It was an ambitious undertaking, especially considering that Bloodstock ran separate outdoor and indoor events in 2005 and 2006. “That turned out to be a mistake,” Gregory concedes. “We had a period where it was quite difficult financially to carry on and of course when you become an open air event, it’s a totally different kettle of fish. You have to build the infrastructure and the cost of that is considerably more than an indoor event. It was a new learning curve and it became very expensive very quickly; I took on the debt so things were touch and go for a few years after that but it gradually started to get better and develop. I don’t believe you can make something like a festival a success unless you have a passion for it. Some people go into it with the idea of making money and I’m sure that’s possible but you’re reliant on bringing in big headlining bands and we don’t want to be in a situation where we have to rely on that. It’s not about that for me, it’s about the music, the metal and people coming together as part of a scene.”
The adage often bandied around about Bloodstock is how it’s a family festival; it has all the trappings of a heavy metal village fete which just so happens to be soundtracked by fun family friendly frippery such as Decapitated, Hatebreed and Venom Prison. Whilst talk of “atmosphere” and “vibe” in relation to festivals is often greeted with a sardonic rolling of the eyes, (as, frankly, it should be) it is for good reason that Bloodstock is regularly regarded as one of the friendliest festivals in the country. “I don’t think that’s something that can be forced,” says Gregory. “It’s something that has to be earned over a period of time. You can’t simply invent a festival which has the same feeling that Bloodstock has, that’s something that has to be developed over time. Having the same fans come back year in, year out has meant we’ve built up a relationship with our fans; we know what they want because we are them and they are us.”

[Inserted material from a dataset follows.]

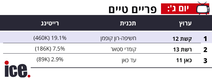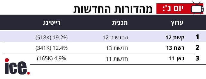 עם זאת, החדשות 12 של קשת עדיין מובילה בבטחה כשהמהדורה המרכזית עם דני קושמרו מחזיקה שוב בתואר התוכנית הנצפית של הערב עם 19.2% ו-518 אלף צופים.
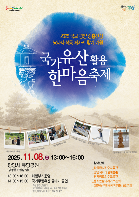 김명덕 문화예술과장은 “이번 국가유산 활용 한마음 축제는 시민과 함께 광양의 국가유산이 지닌 가치를 되새기고, 쌍사자 석등 제자리 찾기의 의미를 공유하는 뜻깊은 자리”라며 “앞으로도 지역의 문화유산을 활용한 다양한 프로그램을 통해 광양의 역사와 문화를 널리 알리겠다”고 말했다.

As Bloodstock has continued to grow, Gregory is gradually taking a step back from the overall running of the festival, handing it over to his daughters and son to truly keep the operation within the family. With weekend tickets sold out to this year’s edition and a headlining triumvirate of Amon Amarth, Ghost and Megadeth, it is undoubtedly a huge part of the legacy that he has created. “They say it takes 20 years to become an overnight success,” Gregory laughs. “We’re so passionate about it, I love the fans, the festival and everything about it, we have so many passionate metal fans that work to put Bloodstock on. It’s not a job to me, it’s something I enjoy and I wouldn’t change it for the world.”